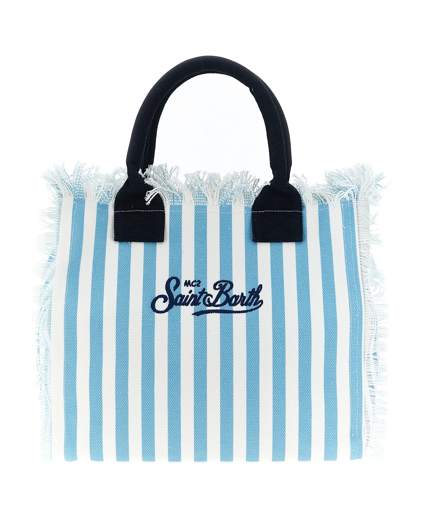 'Vanity' shoulder bag in striped cotton canvas canvas, fringed edges, logo embroidery on the front and back, double fixed handle, top zip closure, cotton lining. Composition: 100% cotton
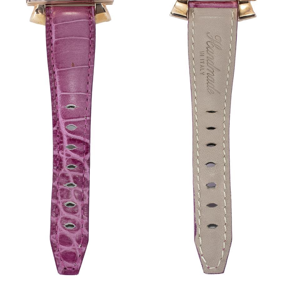 光の当たる角度によって表情を変える、美しい白蝶貝の文字盤に、カラフルで立体的なインデックスを配した、大変お洒落な逸品です。
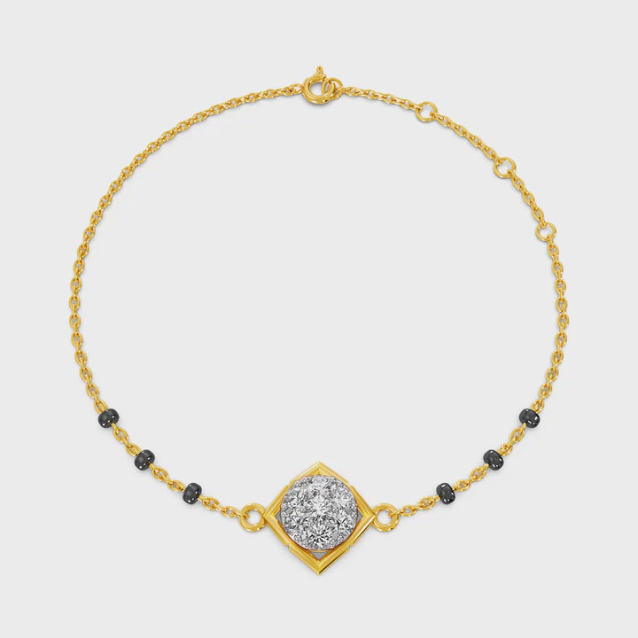A sleek geometric charm featuring sparkling stones set in a diamond-shaped frame. Finished in a warm gold tone, this minimal design adds subtle shine and modern elegance to everyday wear.
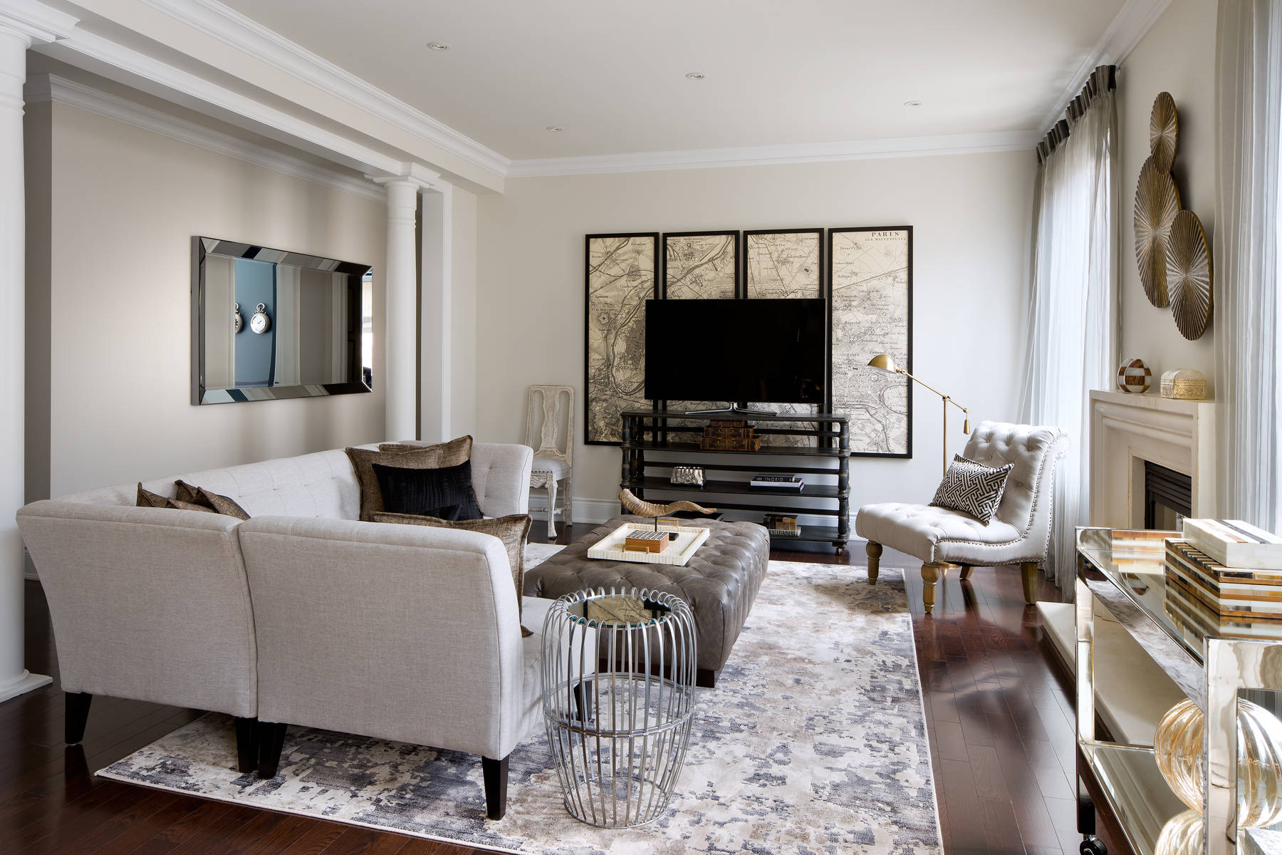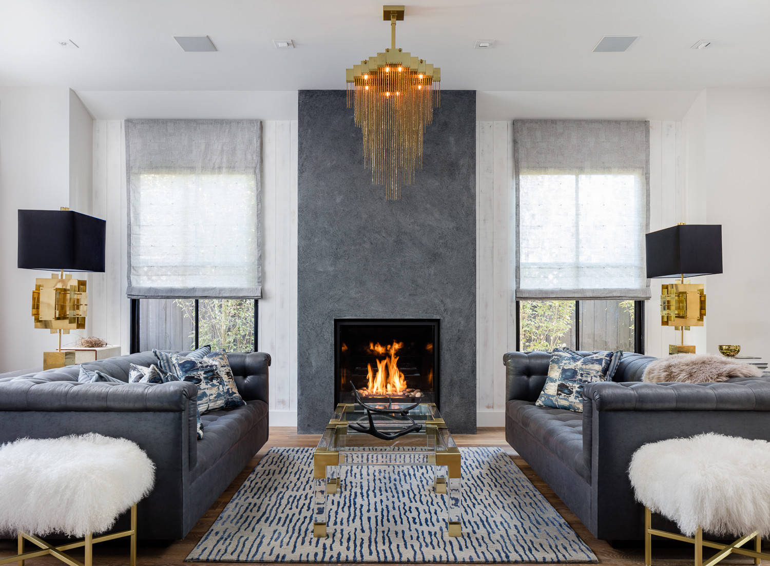 In rooms with multiple focal points, it can give the room an even stronger sense of order to align the biggest focal points along one axis. Here, the sofas face toward an imaginary centerline of the room, and the chandelier and fireplace both sit on that same centerline.
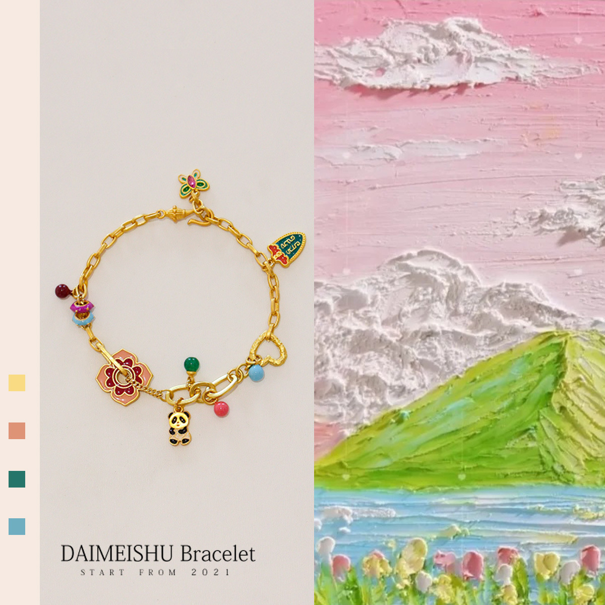 Fashion exquisite color dopamine oil enamel panda flower butterfly bracelet light luxury high-end chain bracelet

——

How to complete this task:
Write out again, exactly, the lines from the start of the listing up to the line containing "光の当たる角度によって表情を", with both ends and without pictures.

Answer for the task:
 'Vanity' shoulder bag in striped cotton canvas canvas, fringed edges, logo embroidery on the front and back, double fixed handle, top zip closure, cotton lining. Composition: 100% cotton
 光の当たる角度によって表情を変える、美しい白蝶貝の文字盤に、カラフルで立体的なインデックスを配した、大変お洒落な逸品です。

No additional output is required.